Some may argue that the ARRB’s Final Determinations are merely recommendations and that all declassification authority ultimately lies with the President. That is only true to an extent. The ARRB’s Final Determinations are agency final orders. This is consistent with American administrative law principles. The ARRB was an independent government agency. The ARRB’s chief function was to make final declassification decisions on postponement requests. For each postponement request (in over 27,000 records), the ARRB held a meeting and heard the originating agency’s appeals. The ARRB made a final decision and notified the agency, thus ensuring due process to the agency. The ARRB also notified the President of its Final Determinations, and the President had 30 days under the JFK Act to override the ARRB’s decision. If the President did not exercise his authority to override the ARRB, the ARRB’s decision became a final agency order that the Archivist was required to follow.
Why is this information so critical? Lawyer Andrew Iler recently uncovered a Memorandum of Understanding (MOU) prepared by ARRB chief counsel Jeremy Gunn with respect to the President’s 30-day window to override any ARRB final determinations.
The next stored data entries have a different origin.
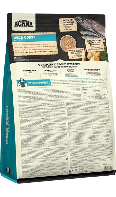 ACANA CLASSICS Wild Coast zawiera pełnowartościowe białko ryb: śledzia pacyficznego, flądrę strzałozębną oraz morszczuka srebrzystego. Składniki te dostarczane są do naszej kuchni ŚWIEŻE lub SUROWE w proporcjach WholePrey™.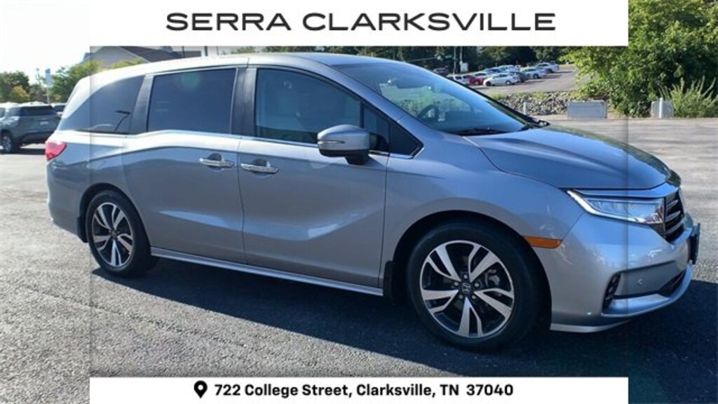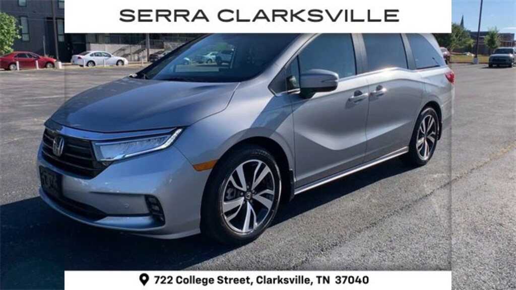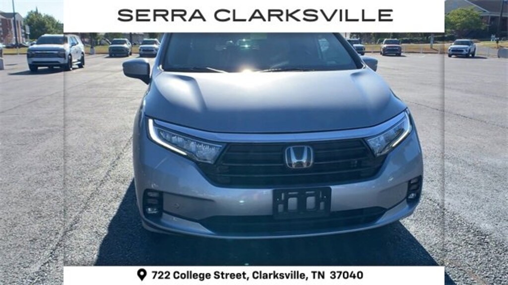 One-owner local new car trade-in! Clean CARFAX. The Pre-Owned 2024 Honda Odyssey Touring with 3.5L V6 SOHC i-VTEC 24V at Serra Clarksville. Well equipped: 3.61 Axle Ratio, 3rd row seats: split-bench, 4-Wheel Disc Brakes, 7 Speakers, A/V remote: CabinControl, ABS brakes, Adaptive Cruise Control: Adaptive Cruise Control (ACC) with Low-Speed Follow, Air Conditioning, Alloy wheels, AM/FM radio: SiriusXM, Anti-whiplash front head restraints, Apple CarPlay/Android Auto, Auto High-beam Headlights, Auto-dimming Rear-View mirror, Automatic temperature control, Blind Spot Information (BSI) System warning, Brake assist, Bumpers: body-color, CD player, Compass, Delay-off headlights, Driver door bin, Driver vanity mirror, Driver's Seat Mounted Armrest, Dual front impact airbags, Dual front side impact airbags, DVD-Audio, Electronic Stability Control, Emergency communication system: HondaLink, Exterior Parking Camera Rear, Four wheel independent suspension, Front anti-roll bar, Front Bucket Seats, Front dual zone A/C, Front fog lights, Front reading lights, Fully automatic headlights, Garage door transmitter: HomeLink, Headphones, Heated door mirrors, Heated Front Bucket Seats, Heated front seats, Illuminated entry, Knee airbag, Lane departure: Lane Keeping Assist System (LKAS) active, Leather Seat Trim, Leather steering wheel, Low tire pressure warning, Memory seat, Navigation system: Honda Satellite-Linked Navigation System, Occupant sensing airbag, Outside temperature display, Overhead airbag, Overhead console, Panic alarm, Passenger door bin, Passenger seat mounted armrest, Passenger vanity mirror, Power door mirrors, Power driver seat, Power Liftgate, Power moonroof, Power passenger seat, Power steering, Power windows, Radio data system, Radio: 160-Watt AM/FM/HD/SiriusXM Audio System, Rear air conditioning, Rear anti-roll bar, Rear audio controls, Rear reading lights, Rear seat center armrest, Rear window defroster, Rear window wiper, Reclining 3rd row seat, Remote keyless entry, Security system, Speed control, Speed-sensing steering, Speed-Sensitive Wipers, Split folding rear seat, Spoiler, Steering wheel mounted audio controls, Tachometer, Telescoping steering wheel, Tilt steering wheel, Traction control, Trip computer, Turn signal indicator mirrors, Variably intermittent wipers, and Wheels: 19 Machine-Finished Alloy.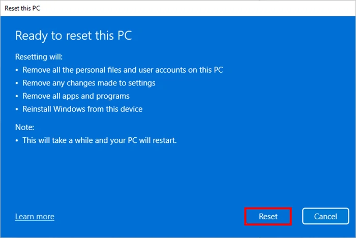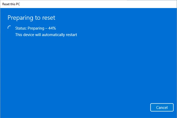 步骤8您的电脑将立即开始重置为出厂设置。只需保持电脑开启并等待重置完成即可。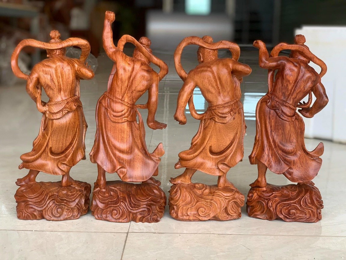 _ Bộ tượng tứ đại kim cương được  trạm khắc vô cùng tỉ mỉ tinh sảo kỳ công .Đi hầu hết tất cả mọi chi tiết góc ngách nội dung hoa văn của tượng đều được ngọt tỉa chỉnh sửa hoàn toàn bằng tay thủ công .Đồng thời tượng được kiểm định vô cùng khắt khe ,Như cho vào thẩm sấy cho gỗ khô kiệt .Mục đích trống dập nứt vênh mo mối mọt song cho vào trà nhám, cho sạch sẽ sờ mát lạnh song cho vào  ,phun lót làm bóng mờ để giữ lại mầu sắc vân gỗ tự nhiên ,Tượng được làm và hoàn thiện do bàn tay khối óc tài hoa ,Từ những người thợ giàu kinh nghiệm cũng như tay nghề cao trong làng nghề truyền thống .Tượng được làm và hoàn thiện do bàn tay khối óc tài hoa ,Từ những người thợ giàu kinh nghiệm cũng như tay nghề cao trong làng nghề truyền thống ,Chính  vì thế bộ tượng tứ đại kim cương đã đáp ứng đầy đủ những tiêu trí ( Đẹp bền rẻ ) Thẩm mỹ nghệ thuật với chất lượng tuyệt vời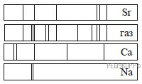 На рисунке приведён спектр поглощения неизвестного газа и спектры поглощения паров стронция, кальция и натрия.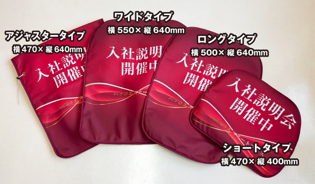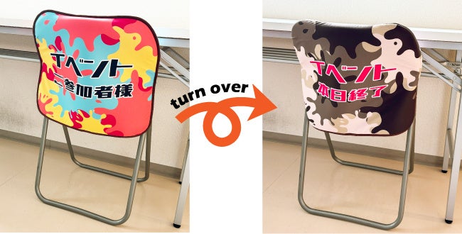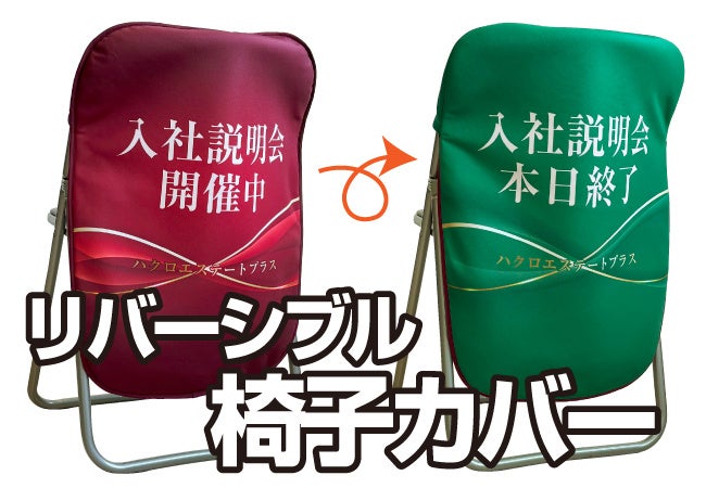 会社説明会や展示会、商談会で活躍する椅子カバーは、ブース装飾には欠かせない商品です。ブースを目立たせるだけでなく、企業の個性をアピールすることで、他社との差別化もしやすく来場者にとっても判断しやすいブースになります。その椅子カバーに新しくリバーシブルタイプが登場しました。1枚で2つの異なるデザインを持つリバーシブル仕様。状況に応じて表裏をひっくり返すだけで、メッセージを簡単に切り替えることが可能です。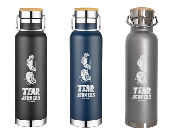 These awesome 20oz "TearJerkers" bottles are perfect for your morning hot coffee, lunchtime iced tea, happy-hour margarita, and even your evening hot toddy next to the campfire! The double-wall insulated stainless steel bottles have screw-top lids and are printed with the TearJerkers logo. They can keep drinks hot for up to 12 hours, or cold for up to 24 hours - perfect for your morning kayak or afternoon hike!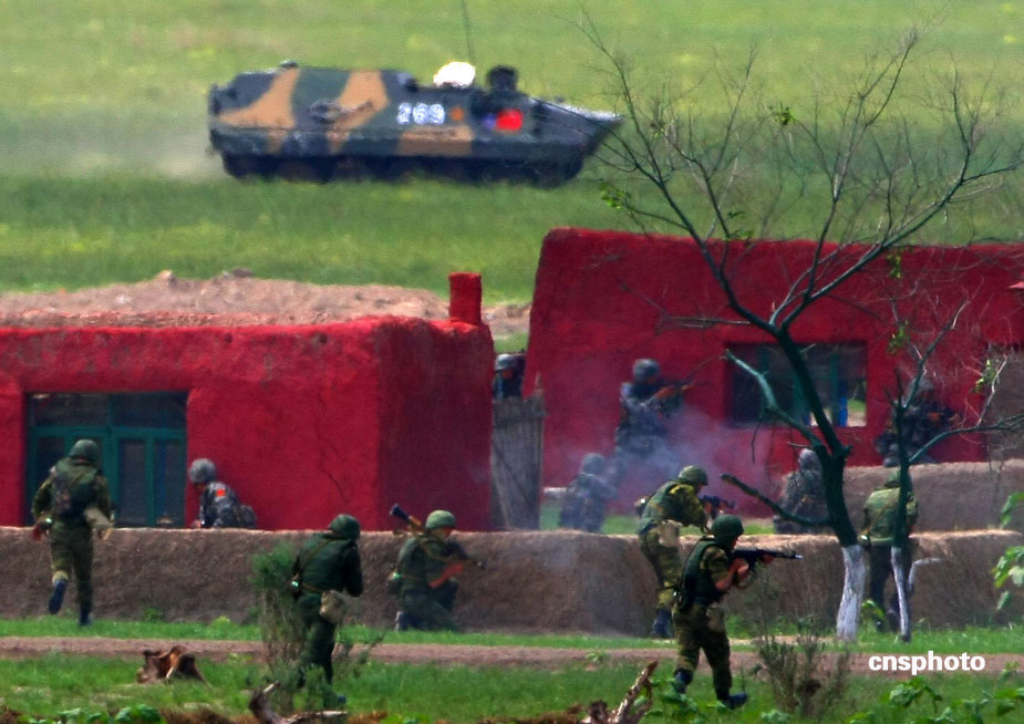 中國、俄羅斯兩軍總參謀長,7月23日上午到沈陽軍區洮南合同戰術訓練基地,觀看“和平使命2009”聯合反恐軍事演習。雙方以陸軍和空軍為主,中方參演部隊包括1個陸軍戰斗群和1個空軍戰斗群。俄方參演兵力包括1個陸軍加強摩步營、1個空降突擊連和部分空軍兵力,雙方投入兵力兩千多人。中新社發 宋吉河 攝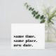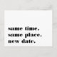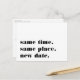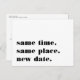 Precisa adiar ou remarcar o seu casamento? Deixe os convidados saberem com esses cartões-postais modernos e alegres em branco com letras pretas ricas. O design engraçado e inteligente baseado em tipografia apresenta "mesmo horário, mesmo local, nova data" na frente, com a nova data do casamento e detalhes no verso.
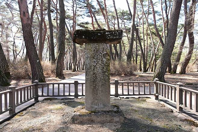 관음송에서 이어지는 숲길에는 단종어소와 금표비가 남아 있습니다. 단종어소는 유배 시절 머물던 공간을 복원한 곳이며, 금표비는 일반인의 출입을 막기 위해 세운 경계 표식입니다.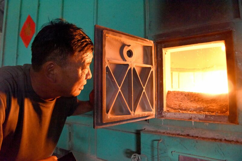 徐懷彪查看小麥烘干機(jī)內(nèi)燃料自動(dòng)投放情況。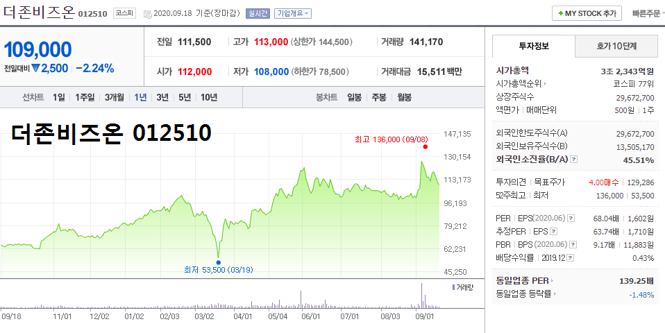 - 2020.09.0 문재인 다녀간 더존비즈온, K-뉴딜 지수 발표 후 주가 급등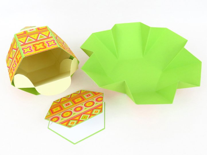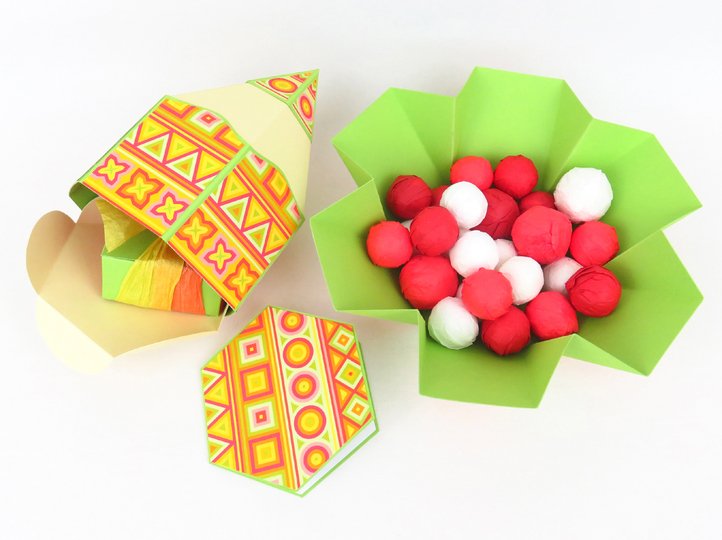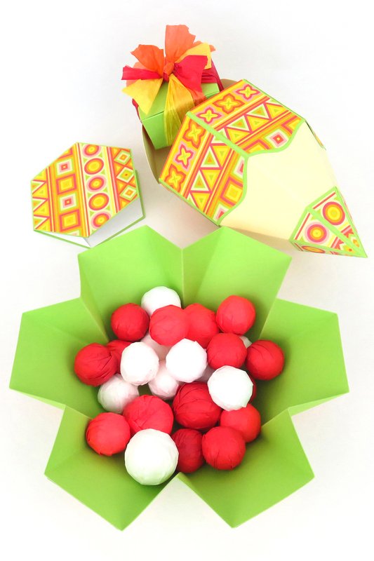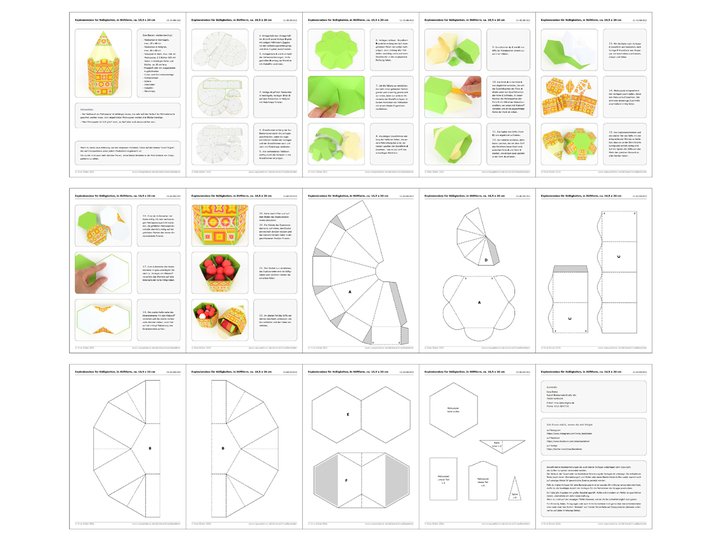Die kleine viereckige Schachtel, die auf manchen Fotos zu sehen ist, ist nur eine Deko und nicht der Gegenstand dieser Anleitung. Falls du kleine Schachteln benötigst, kannst du Vorlagen dafür hier herunterladen: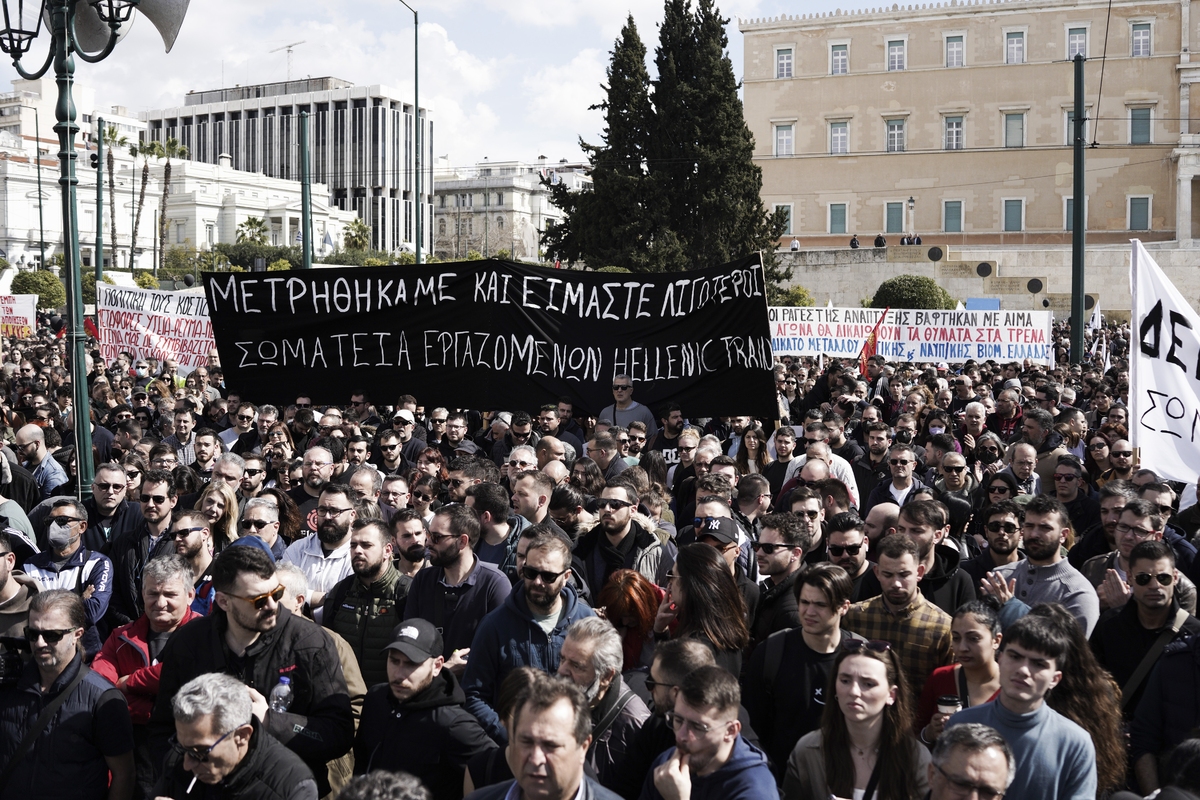 Πολίτες, φοιτητικοί σύλλογοι, φορείς, σωματεία και εργατικά κέντρα διαμαρτύρονται δυναμικά στο Σύνταγμα για τις ευθύνες της σημερινής κυβέρνησης, τις ολιγωρίες και την κακοδιαχείριση των κρατικών αρχών εδώ και χρόνια, για τον κατακερματισμό και το ξεπούλημα του ΟΣΕ.

Mr. Iler is also a coauthor of The JFK Assassination Chokeholds, and I consider him to be the world’s leading expert on the JFK Act and how it was intended by Congress and the ARRB to operate. The ARRB realized it was practically impossible for President Clinton to review over 27,000 ARRB final declassification orders in short order, so Dr. Gunn and the ARRB simplified the process for the President. If the President wished to override any ARRB final decisions under his authority in the JFK Act, he could do so within 30 days of notification from the ARRB. If the President did not respond with a written certification overriding the ARRB’s decision(s), it would be deemed Presidential Certification and consent to the ARRB’s Final Determination under the JFK Act. Mr. Iler discovered clear written confirmation that President Clinton approved this MOU with the ARRB. Please refer to: https://jfkchokeholds.com/wp-content/uploads/2025/05/Box09-Folder13- 9504452-Pages015-021.pdf
The result of President Clinton’s approval is that the ARRB’s Final Determinations for assassination records in the Protected Collection are the final and binding authority for declassification. As such, the National Archivist was required to periodically review these FDN’s, without new appeals and interference from agencies on the same records, and abide by the declassification decisions of the ARRB (which were certified by President Clinton).
Between September 1998 and October 26,2017, virtually no mandatory periodic review took place as required by sections 5 and 9 of the JFK Act. If this mandatory periodic review had occurred, by October 26, 2017 there should have been very few records left in the Protected Collection held at the National Archives.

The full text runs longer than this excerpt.